After the agreement of the trial balance, a business enterprise proceeds to prepare financial statements. Financial statements are the statements, which present periodic reports on the process of business enterprises and the results achieved during a given period. Financial statements includes trading and profit and loss account, balance sheet and other statements and explanatory notes, which form part thereof. Information provided by financial statements is useful to management to plan and control the business operations. Financial statement are also useful to creditors, shareholders and employees of the enterprise. 

2. What are closing entries? Give four examples of closing entries.

Ans: The preparation of trading and profit and loss accounts requires that the balances of accounts of all concerned items are transferred to it for its compilation. Opening stock account, Purchases account, Wages account, Carriage inwards account and direct expenses account are closed by transferring to the debit side of the trading and profit and loss account. 

Example: This is done by recording the following entry: 

Trading A/c Dr. 

To Opening stock A/c 

To Purchases A/c 

To Wages A/c 

To Carriage inwards A/c 

To All other direct expenses A/c 

The purchases’ returns or return outwards are closed by transferring its balance to the purchases account. 

The following entry is recorded for this purpose: 

Purchases return A/c Dr. 

To Purchases A/c 

Similarly, the sales returns or returns inwards account is closed by transferring its balance to the sales account as: 

Sales A/c Dr. 

To Sales return A/c 

The sales account is closed by transferring its balance to the credit side of the trading and profit and loss account by recording the following entry: 

Sales A/c Dr. 

To Trading A/c

3. Discuss the need of preparing a balance sheet.

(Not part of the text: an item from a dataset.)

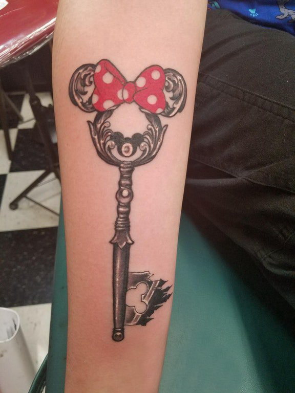 钥匙纹身图案 女生手臂上蝴蝶结和钥匙纹身图片
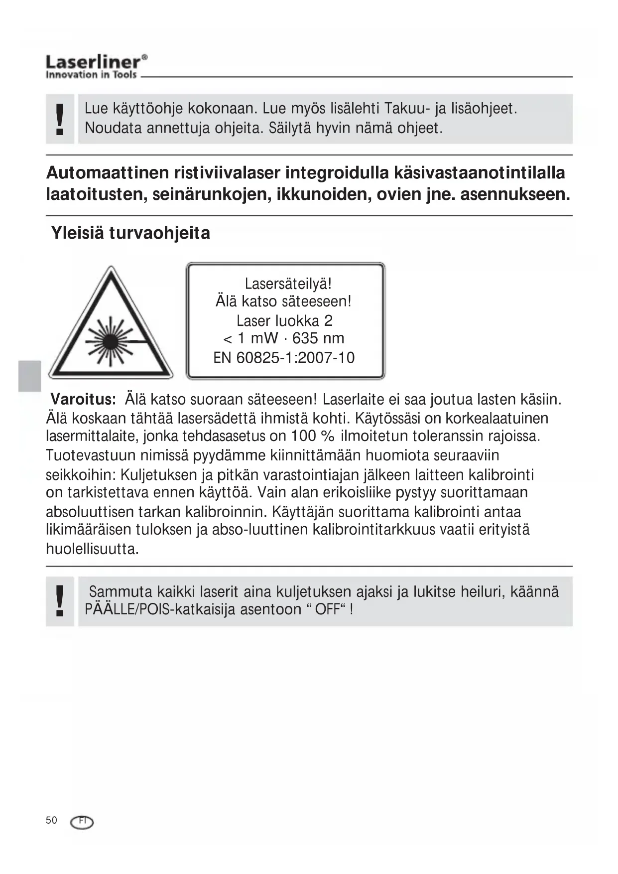 Manual_SmartLineLaser360_Rev.0413.indd 49 13.05.13 09:1850 Lue käyttöohje kokonaan. Lue myös lisälehti Takuu- ja lisäohjeet. Noudata annettuja ohjeita. Säilytä hyvin nämä ohjeet.

Ans: The purpose of a balance sheet is to reveal the financial status of an organisation, meaning what it owns and owes. Here are its other purposes, Determine the company’s ability to pay obligations. The balance sheet includes information about a company’s assets and liabilities. A balance sheet can help you tracking the performance of your company, for example, your company’s ability to meet financial obligations. All the accounts of assets, liabilities and capital are shown in the balance sheet. Accounts of capital and liabilities are shown on the left hand side, known as Liabilities. Assets and other debit balances are shown on the right hand side, known as Assets. There is no prescribed form of Balance sheet, for proprietary and partnership firms. (However, Schedule III Part I of the Companies Act 2013 prescribes the format and the order in which the assets and liabilities of a company should be shown). 

4. What is meant by Grouping and Marshalling of assets and liabilities. Explain the ways in which a balance sheet may be marshalled.

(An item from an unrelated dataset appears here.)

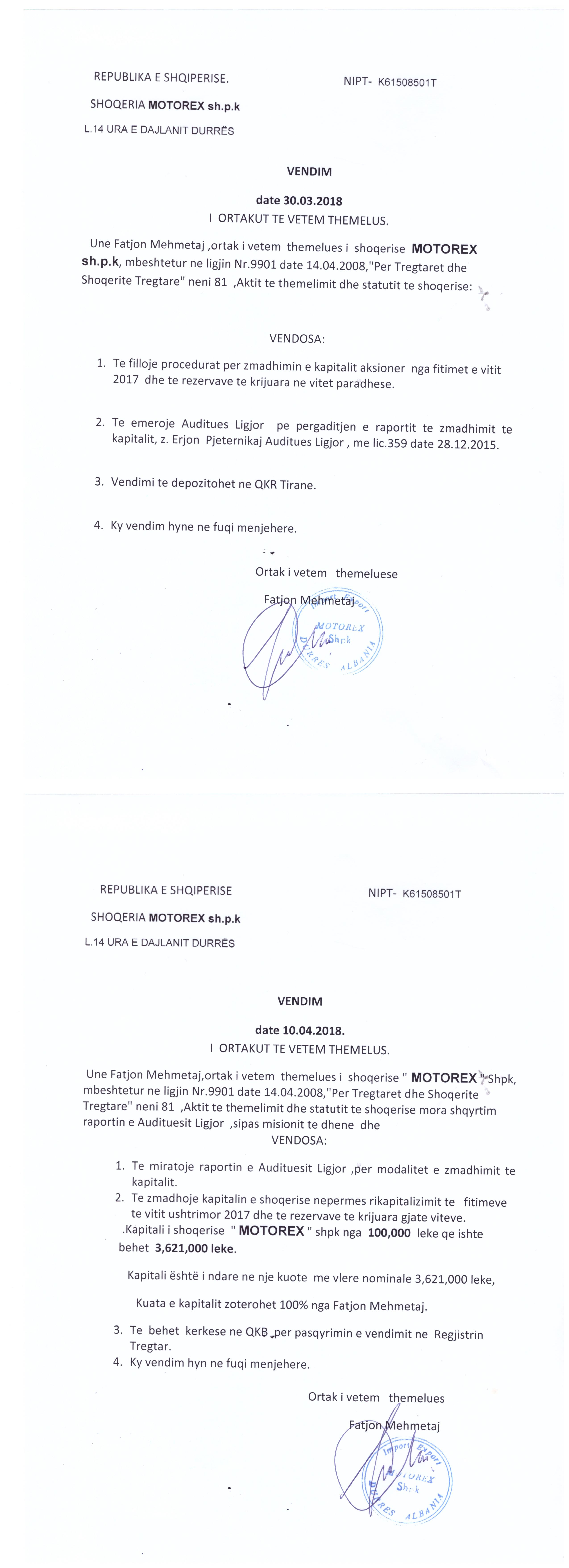 | Çështje Ligjore: | Shpallja per Shnderrimin e Shoqerise Me date 23/02/2015, me vendimit te ortakut te vetem date 01.02.2015, u vendos shnderrimi i shoqerise me pergjegjesi te kufizuar Motorex sh.p.k. ne shoqeri aksionare. |

Ans: A major concern of accounting is about preparing and presenting the financial statement. The information so provided should be a decision useful for the users. Therefore, it becomes necessary that the items appearing in the balance sheet should be properly grouped and presented in a particular order. 

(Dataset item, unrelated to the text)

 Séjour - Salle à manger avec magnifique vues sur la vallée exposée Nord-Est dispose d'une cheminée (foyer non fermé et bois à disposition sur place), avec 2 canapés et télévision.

Marshalling of Assets and Liabilities:

In a balance sheet, the assets and liabilities are arranged either in the order of liquidity or permanence. Arrangement of assets and liabilities in a particular order is known as Marshalling. 

In case of permanence, the most permanent asset or liability is put on the top in the balance sheet and thereafter the assets are arranged in their reducing level of permanence.

In the balance sheet of Ankit you will find that furniture is the most permanent of all the assets. Out of debtors, bank and cash, debtors will take maximum time to convert back into cash. Bank is less liquid than cash. Cash is the most liquid of all the assets. Similarly, on the liabilities side, the capital, being the most important source of finance, will tend to remain in the business for a longer period than the long-term loan. Creditors being a liquid liability will be discharged in the near future.